U.S. marijuana vote may have snowball effect in Latin America
One expert said that if U.S. states such as Colorado and Washington could permit a system for consumption of marijuana that didn't cause usage to soar, "it could mark a snowball effect on Latin America."
MEXICO CITY — Voters in Colorado and Washington state who approved the recreational use of marijuana Tuesday sent a salvo from the ballot box that will ricochet around Latin America, a region that's faced decades of bloodshed from the U.S.-led war on drugs.
Experts said the moves were likely to give momentum to countries such as Uruguay that are marching toward legalization, to undercut Mexican criminal gangs and to embolden those who demand greater debate about how to combat illegal substances.
"The trend is toward legalization," said Jorge Castaneda, a former Mexican foreign minister who's an advocate for decriminalization.
The decision by voters in Colorado and Washington to legalize marijuana for recreational use puts those states — the first to approve outright legalization — at loggerheads not only with the federal government but also with global treaties that label marijuana a controlled substance.
U.S. diplomats in Latin America said Wednesday that President Obama would hold firm against efforts to soften drug laws.

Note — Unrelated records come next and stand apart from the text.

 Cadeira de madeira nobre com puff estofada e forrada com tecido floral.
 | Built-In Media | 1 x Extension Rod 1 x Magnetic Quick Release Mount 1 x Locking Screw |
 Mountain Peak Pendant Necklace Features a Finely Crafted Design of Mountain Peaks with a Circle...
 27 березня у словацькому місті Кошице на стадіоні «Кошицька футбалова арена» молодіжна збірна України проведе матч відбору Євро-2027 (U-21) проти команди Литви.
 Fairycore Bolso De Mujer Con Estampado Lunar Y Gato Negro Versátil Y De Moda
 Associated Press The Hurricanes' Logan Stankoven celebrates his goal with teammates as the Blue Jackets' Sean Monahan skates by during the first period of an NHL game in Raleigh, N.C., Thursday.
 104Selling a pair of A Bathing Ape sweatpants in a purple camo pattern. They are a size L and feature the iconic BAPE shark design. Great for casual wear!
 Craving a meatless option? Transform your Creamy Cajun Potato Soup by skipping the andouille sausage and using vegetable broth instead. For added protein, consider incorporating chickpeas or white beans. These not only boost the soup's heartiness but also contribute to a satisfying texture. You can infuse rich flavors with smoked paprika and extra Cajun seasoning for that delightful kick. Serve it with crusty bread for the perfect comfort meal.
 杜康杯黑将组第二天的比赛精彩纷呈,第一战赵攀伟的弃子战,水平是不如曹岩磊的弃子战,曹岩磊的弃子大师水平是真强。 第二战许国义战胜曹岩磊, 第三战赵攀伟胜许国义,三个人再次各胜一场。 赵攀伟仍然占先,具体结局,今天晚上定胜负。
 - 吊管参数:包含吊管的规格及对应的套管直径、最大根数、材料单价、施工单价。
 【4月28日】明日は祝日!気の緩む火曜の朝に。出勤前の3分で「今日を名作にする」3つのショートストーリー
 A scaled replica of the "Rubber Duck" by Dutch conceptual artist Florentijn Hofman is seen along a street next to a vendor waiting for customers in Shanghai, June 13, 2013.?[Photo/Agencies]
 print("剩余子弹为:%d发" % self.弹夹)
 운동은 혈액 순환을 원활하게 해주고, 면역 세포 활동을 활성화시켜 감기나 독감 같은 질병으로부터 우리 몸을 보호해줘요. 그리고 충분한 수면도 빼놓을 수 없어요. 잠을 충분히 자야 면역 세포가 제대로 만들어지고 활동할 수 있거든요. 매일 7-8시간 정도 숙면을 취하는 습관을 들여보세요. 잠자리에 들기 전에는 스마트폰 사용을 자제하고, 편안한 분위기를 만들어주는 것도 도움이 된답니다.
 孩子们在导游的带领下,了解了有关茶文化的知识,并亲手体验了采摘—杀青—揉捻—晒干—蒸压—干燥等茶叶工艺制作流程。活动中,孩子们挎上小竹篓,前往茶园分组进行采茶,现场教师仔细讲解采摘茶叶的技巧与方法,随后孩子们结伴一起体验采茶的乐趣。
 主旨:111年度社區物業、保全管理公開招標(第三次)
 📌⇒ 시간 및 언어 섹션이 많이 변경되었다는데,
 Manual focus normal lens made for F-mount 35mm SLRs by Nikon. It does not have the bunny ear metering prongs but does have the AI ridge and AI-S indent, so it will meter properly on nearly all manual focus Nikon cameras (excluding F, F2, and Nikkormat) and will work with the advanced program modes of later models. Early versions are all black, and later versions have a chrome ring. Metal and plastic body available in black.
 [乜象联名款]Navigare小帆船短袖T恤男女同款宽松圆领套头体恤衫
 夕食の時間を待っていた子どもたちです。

"The government of my president is totally against any initiative that weakens rules or laws on the sale or offering of illegal drugs," P. Michael McKinley, the U.S. ambassador to Colombia, told Caracol Radio there.
Uruguay, a small South American nation led by a former leftist guerrilla, has moved ahead since August on a proposal to legalize marijuana under a government monopoly.
"Chile also has a bill before its Congress. I'm guessing that Argentina may also follow suit. This will go from south to north," Hope said.
He added, however, that change would come over years, not months.
"We need to tamp down some of the expectations. None of this will happen quickly," he said.
Castaneda concurred, saying marijuana legalization remains "a radioactive issue" and the contours of the debate will change only with time.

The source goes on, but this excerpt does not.